Best practices for seeding random numbers on gpu?

The random numbers I get on the gpu are different than on the cpu:

In [17]: torch.manual_seed(123); torch.rand(device='cuda', size=(2,3))
Out[17]:
tensor([[ 0.0474,  0.1951,  0.2235],
        [ 0.5574,  0.7839,  0.9306]], device='cuda:0')

In [18]: torch.manual_seed(123); torch.rand(device='cuda', size=(2,3))
Out[18]:
tensor([[ 0.0474,  0.1951,  0.2235],
        [ 0.5574,  0.7839,  0.9306]], device='cuda:0')

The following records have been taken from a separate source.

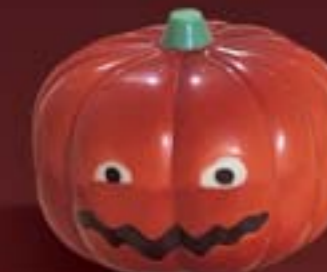
PUMPKIN Size : 3 1 / 2 in. x Ø 4 3 / 4 in. (9 x Ø 12 cm) Weight : ±5.25oz (150 g) 1 pumpkin per plate Number of plates : 2 Parcel Nr 89 Ref : MLD-090157-M00
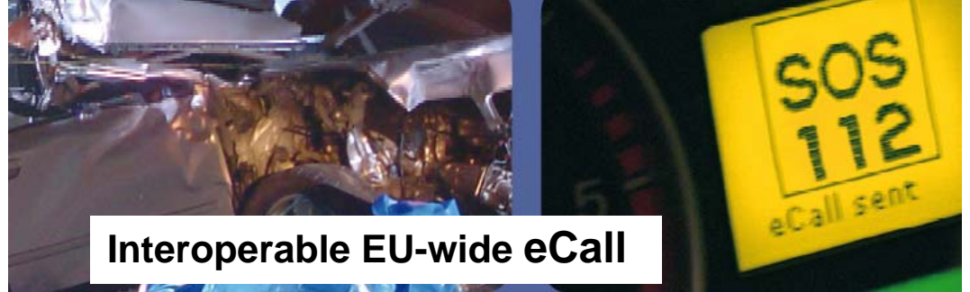
Interoperable EU-wide eCall
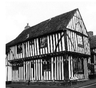
The Tudor house
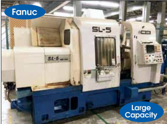
MORI-SEIKI # SL-5 CNC TURNING CENTER
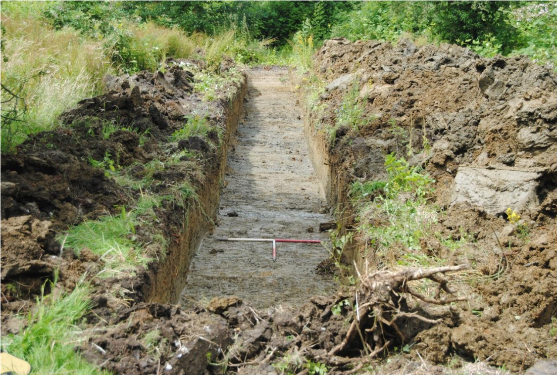
Plate 1: Trench 1, looking west
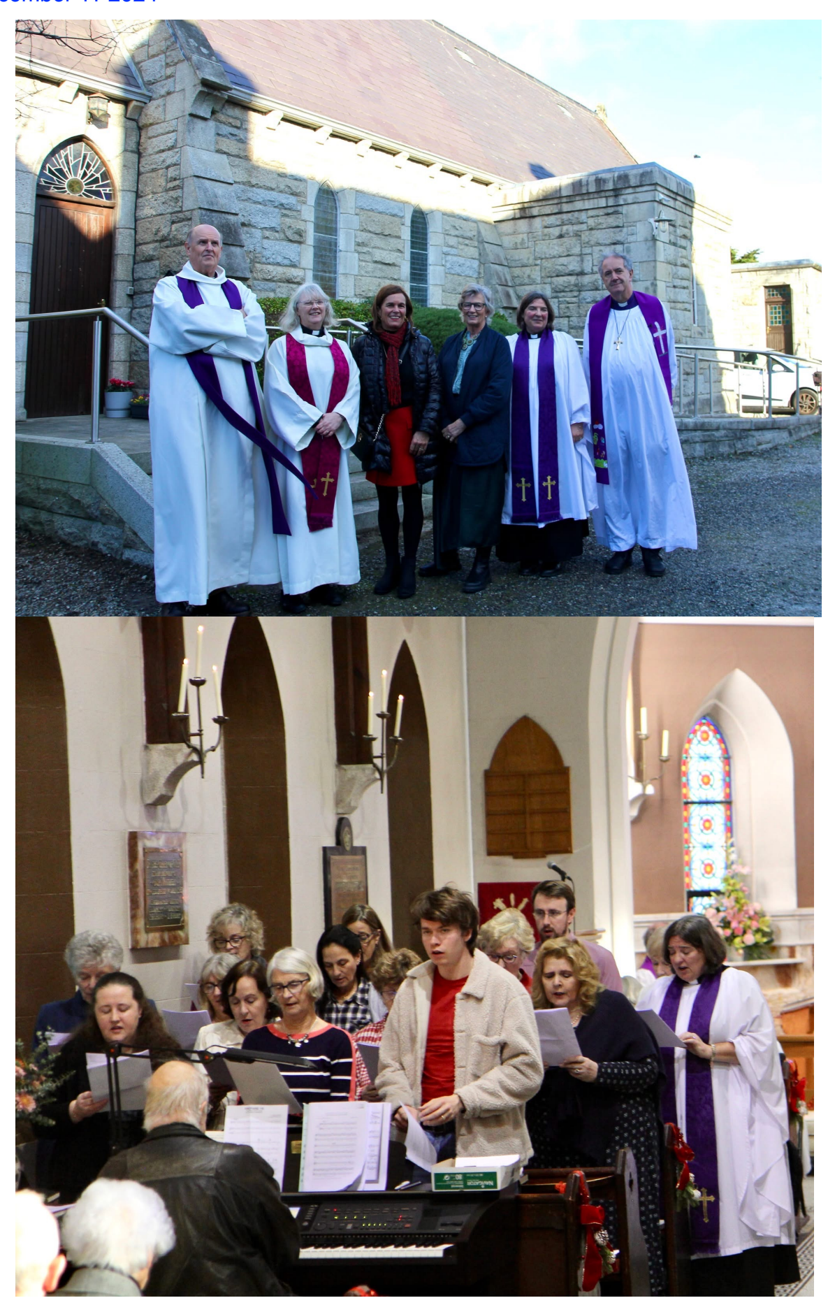
is herself connected to the church pointed out, the milestone
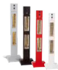
SMART TOWER IP24
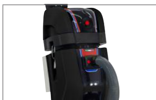
On Board Vacuum Kit
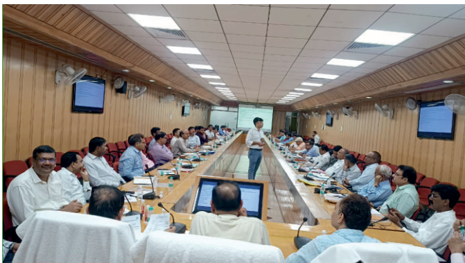
ECBC Training Programme

EEB Cell is established by BEE at UPSDA. Role of EEB Cell is Monitoring of implementation of UPECBC-2018, Technical support in the implementation of UPECBC to govt. stakeholder departments through demonstration building projects, organize training to govt. and private stakeholders regarding ECBC code and Eco Niwas Sanhita for
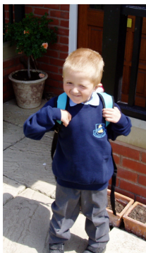
First day at school

Unique is a charity without government funding, existing entirely on donations and grants. If you can, please make a donation via our website at www.rarechromo.org Please help us to help you!
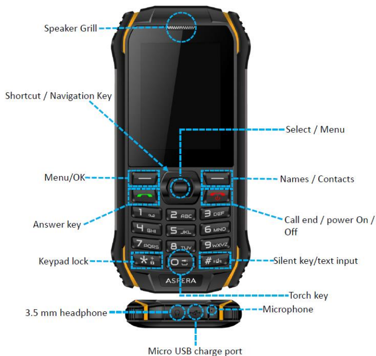
Aspera R32 Front
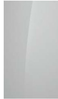
Serenity White (Pearl) (W6H)
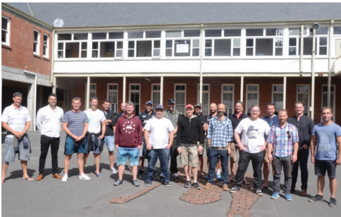
Attendees 1994-98 Reunion
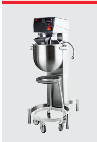
Marine version, Stainless steel, 20 L floor
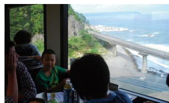
Picturesque scenery from the train
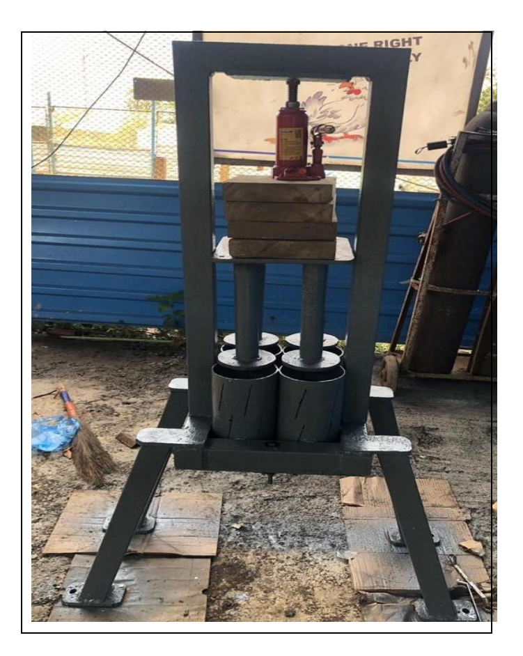
Fig -2: Developed model of Compression Machine
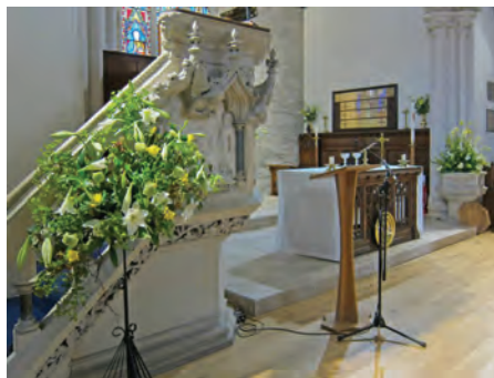
Flowers for the Patronal festival
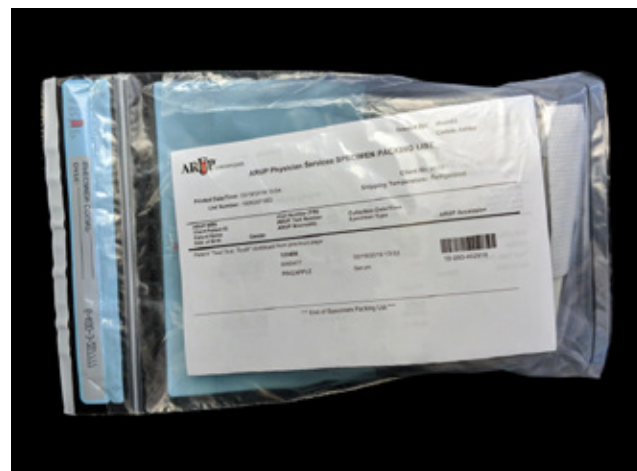
Packing list or test request forms fit into the outside sleeve.
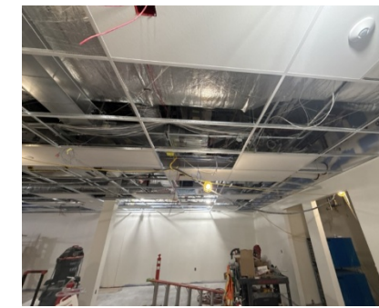
Palouse – Overhead Rough In
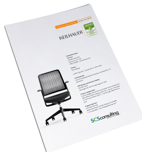
EPD for Keilhauer Chairs

Products with existing EPDs undergoing renewal or products included in industry-wide EPDs, have the opportunity to demonstrate improvement in environmental impacts and contribute to an additional credit in LEED v4.1 and v5 for EPD Optimization. SCS will prepare an Optimization Report based on the new LCA comparing the impacts to the old EPD or industry-wide EPD. If a new product EPD demonstrates improvement in greenhouse gas warming potential (required) over the comparison EPD, it can contribute to the additional credit.
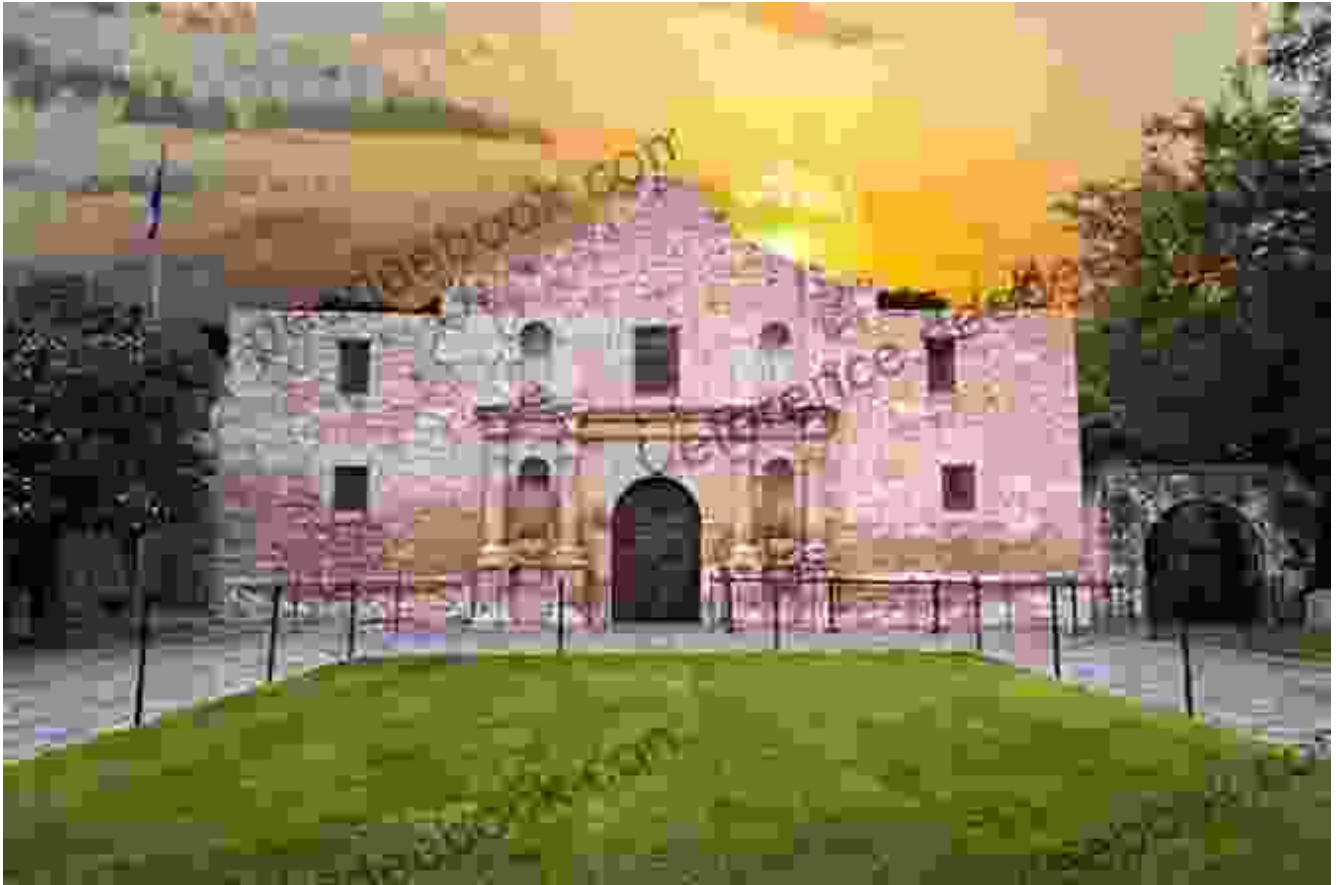
Alamo, San Antonio, Texas
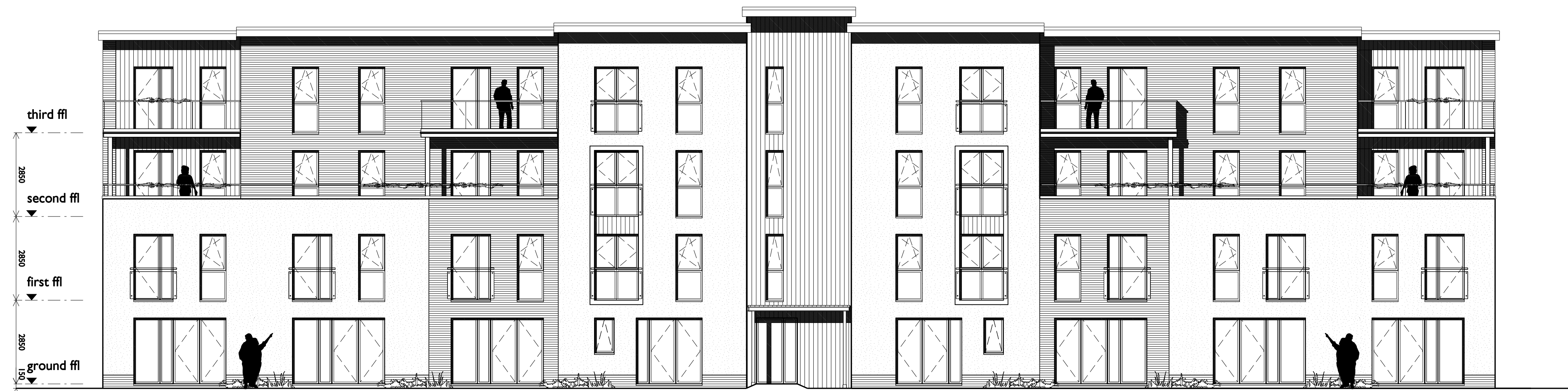
BLOCK Hiii WEST ELEVATION
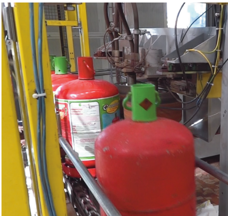
Transfer of labeling during gas cylinders reconditioning

Capture and conveyance of metal packaging waste

In [19]: torch.manual_seed(123); torch.rand(device='cpu', size=(2,3))
Out[19]:
tensor([[ 0.2961,  0.5166,  0.2517],
        [ 0.6886,  0.0740,  0.8665]])

In [20]: torch.manual_seed(123); torch.rand(device='cpu', size=(2,3))
Out[20]:
tensor([[ 0.2961,  0.5166,  0.2517],
        [ 0.6886,  0.0740,  0.8665]])

One option could be to always generate on the cpu, then copy to the gpu. But presumably this characteristic is going to apply to eg dropout masks too? Another option would be to choose that seed consistency is only guaranteed conditioned on choice of using gpu or cpu.

What are best practices that are generally used to ensure reproducibility given a random seed?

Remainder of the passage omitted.